- Work order: Within the listing that follows, reproduce exactly the lines starting at the line with "1.50 Carat princess" and ending at the line with "a wooden shelf.A", inclusive, and only those. Pictures are dropped.

- Supplied material:
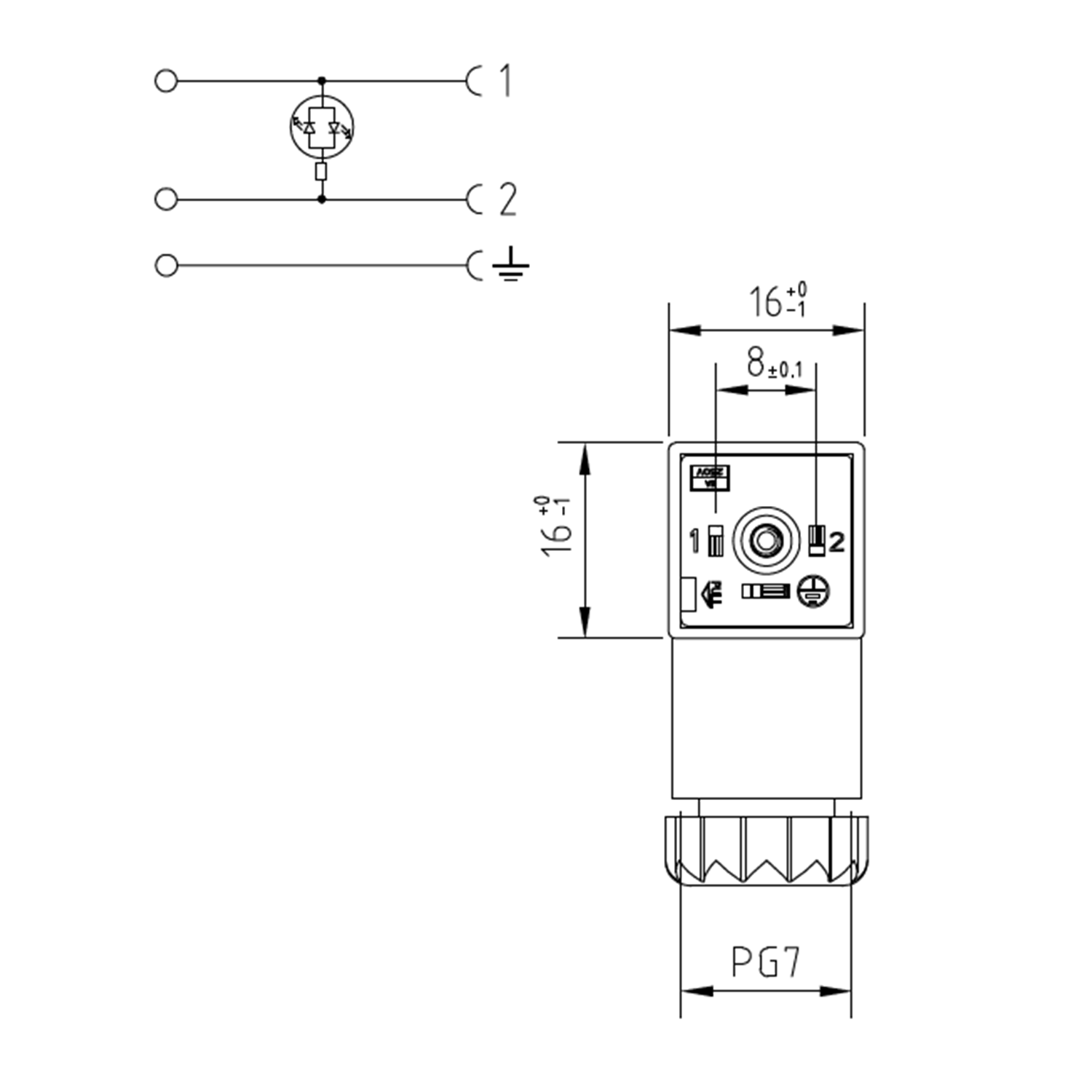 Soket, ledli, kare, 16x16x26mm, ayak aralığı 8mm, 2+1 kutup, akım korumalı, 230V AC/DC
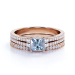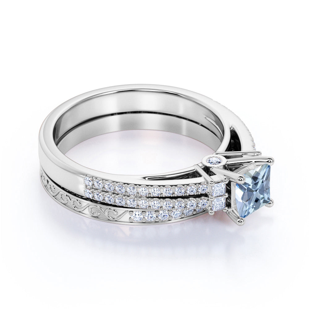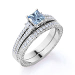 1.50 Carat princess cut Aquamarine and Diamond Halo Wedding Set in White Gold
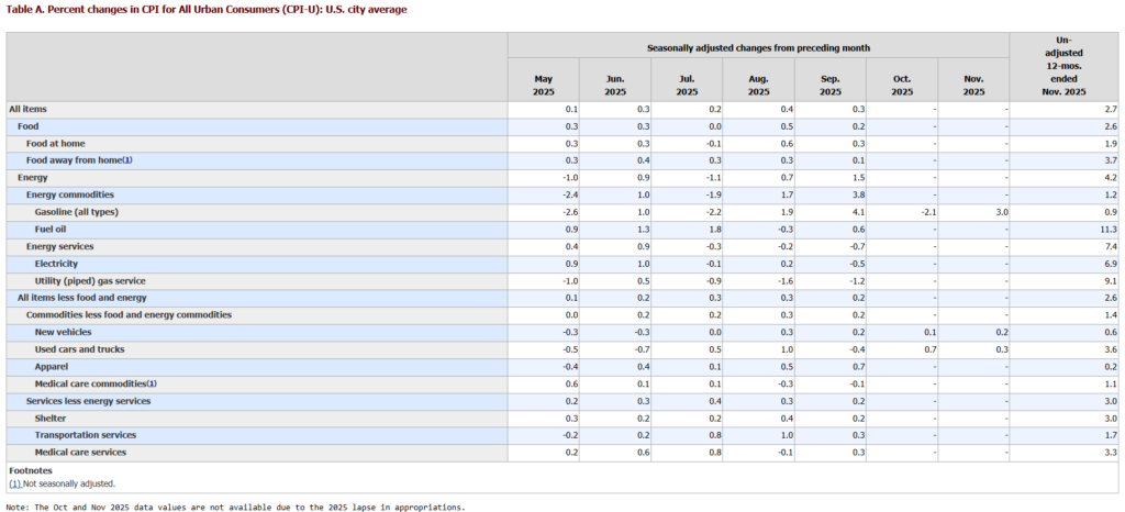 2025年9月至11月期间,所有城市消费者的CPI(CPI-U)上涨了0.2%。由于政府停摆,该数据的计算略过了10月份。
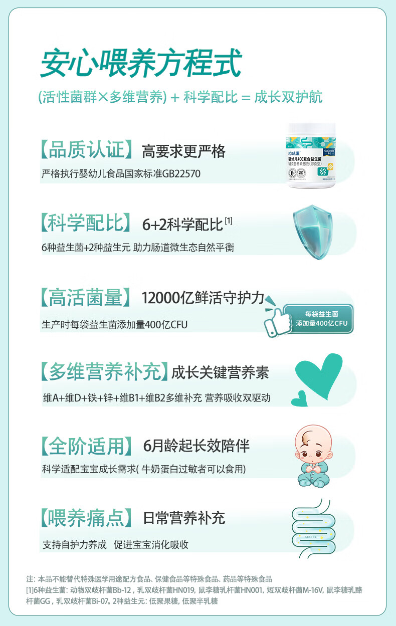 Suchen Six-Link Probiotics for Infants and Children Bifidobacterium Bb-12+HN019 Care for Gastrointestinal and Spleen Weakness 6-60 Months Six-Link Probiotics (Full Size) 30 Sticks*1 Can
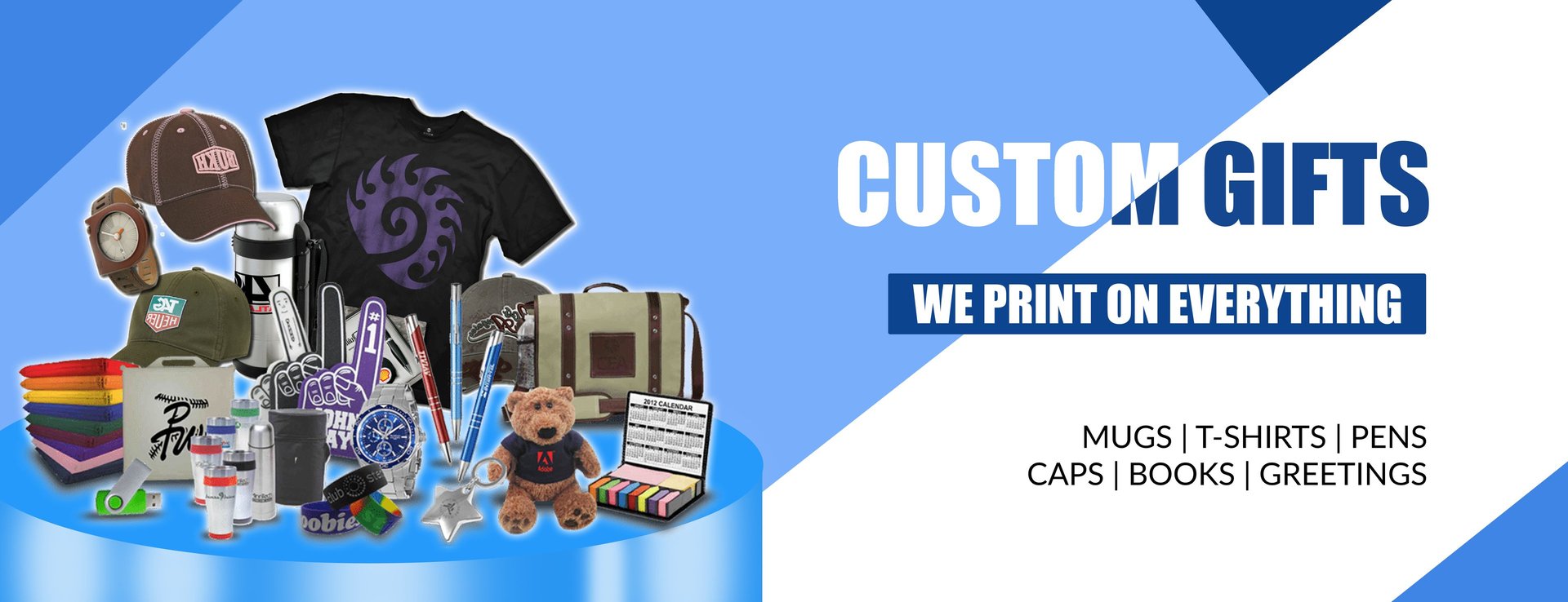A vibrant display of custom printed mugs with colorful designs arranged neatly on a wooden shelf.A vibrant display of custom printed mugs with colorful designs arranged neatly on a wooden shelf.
* * *
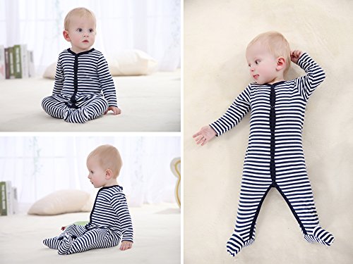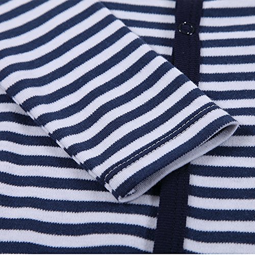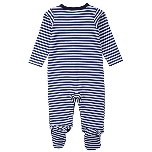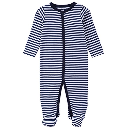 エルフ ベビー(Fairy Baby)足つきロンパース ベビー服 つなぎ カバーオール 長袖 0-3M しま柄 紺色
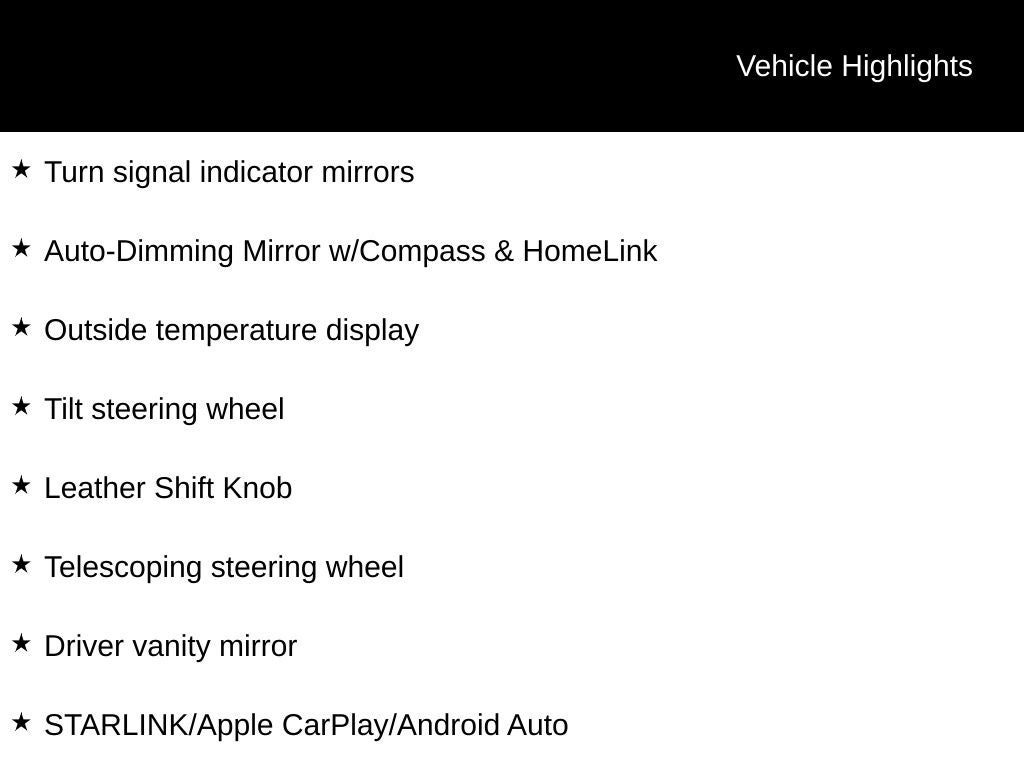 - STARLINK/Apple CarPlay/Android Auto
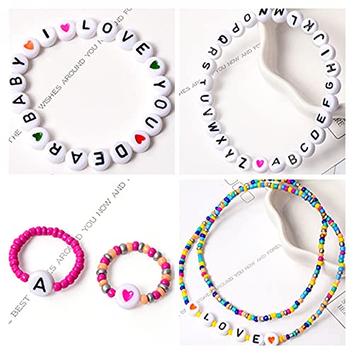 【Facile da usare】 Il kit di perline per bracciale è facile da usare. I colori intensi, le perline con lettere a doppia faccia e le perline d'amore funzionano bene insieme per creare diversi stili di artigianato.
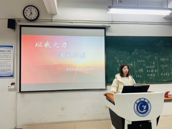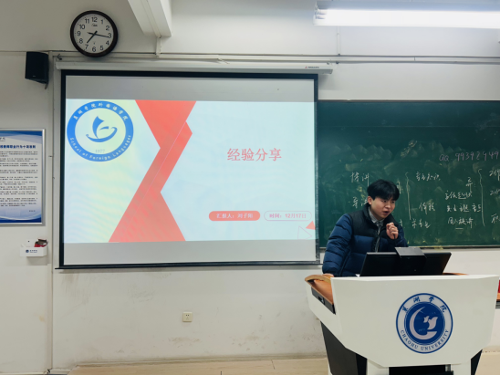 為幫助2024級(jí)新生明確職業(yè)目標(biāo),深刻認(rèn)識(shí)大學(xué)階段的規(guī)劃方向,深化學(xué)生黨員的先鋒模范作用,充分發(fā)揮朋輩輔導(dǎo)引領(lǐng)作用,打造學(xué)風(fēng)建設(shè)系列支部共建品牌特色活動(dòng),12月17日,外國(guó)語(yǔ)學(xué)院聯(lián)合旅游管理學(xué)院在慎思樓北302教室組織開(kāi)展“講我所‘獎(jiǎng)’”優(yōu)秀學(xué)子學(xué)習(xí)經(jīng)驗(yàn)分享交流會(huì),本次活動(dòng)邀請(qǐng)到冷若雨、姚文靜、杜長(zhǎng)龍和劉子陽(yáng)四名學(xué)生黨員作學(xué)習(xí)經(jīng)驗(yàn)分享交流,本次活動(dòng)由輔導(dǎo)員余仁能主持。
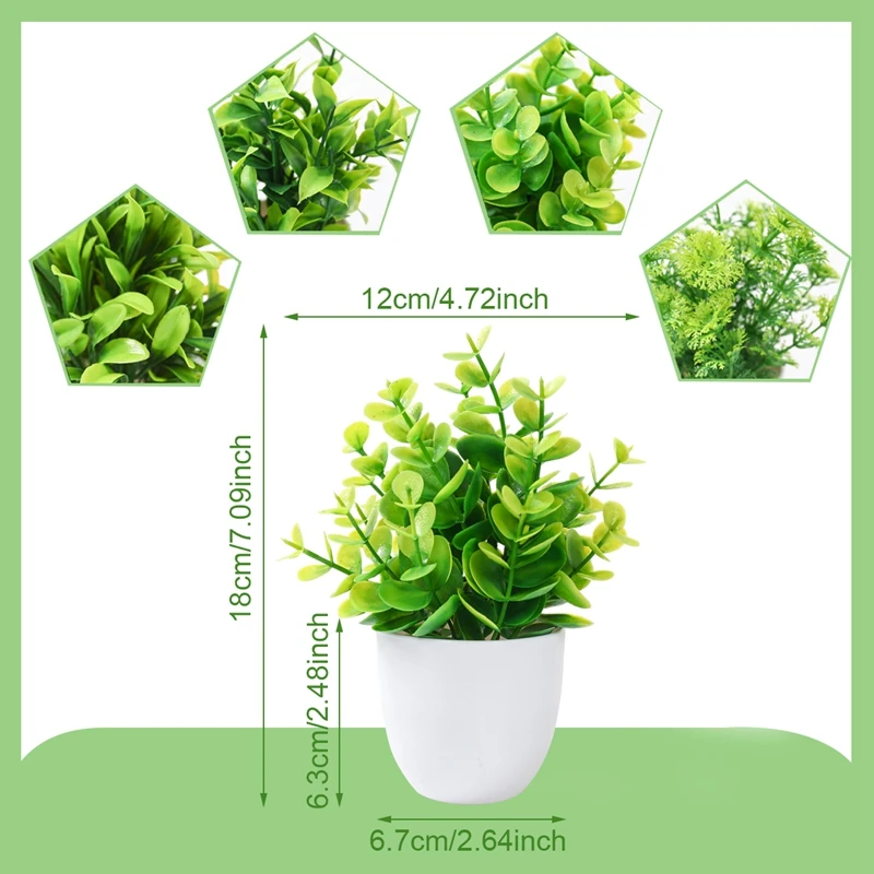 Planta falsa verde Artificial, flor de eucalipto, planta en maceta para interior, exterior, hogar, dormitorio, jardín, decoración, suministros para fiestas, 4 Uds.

- Answer:
 1.50 Carat princess cut Aquamarine and Diamond Halo Wedding Set in White Gold
 2025年9月至11月期间,所有城市消费者的CPI(CPI-U)上涨了0.2%。由于政府停摆,该数据的计算略过了10月份。
 Suchen Six-Link Probiotics for Infants and Children Bifidobacterium Bb-12+HN019 Care for Gastrointestinal and Spleen Weakness 6-60 Months Six-Link Probiotics (Full Size) 30 Sticks*1 Can
A vibrant display of custom printed mugs with colorful designs arranged neatly on a wooden shelf.A vibrant display of custom printed mugs with colorful designs arranged neatly on a wooden shelf.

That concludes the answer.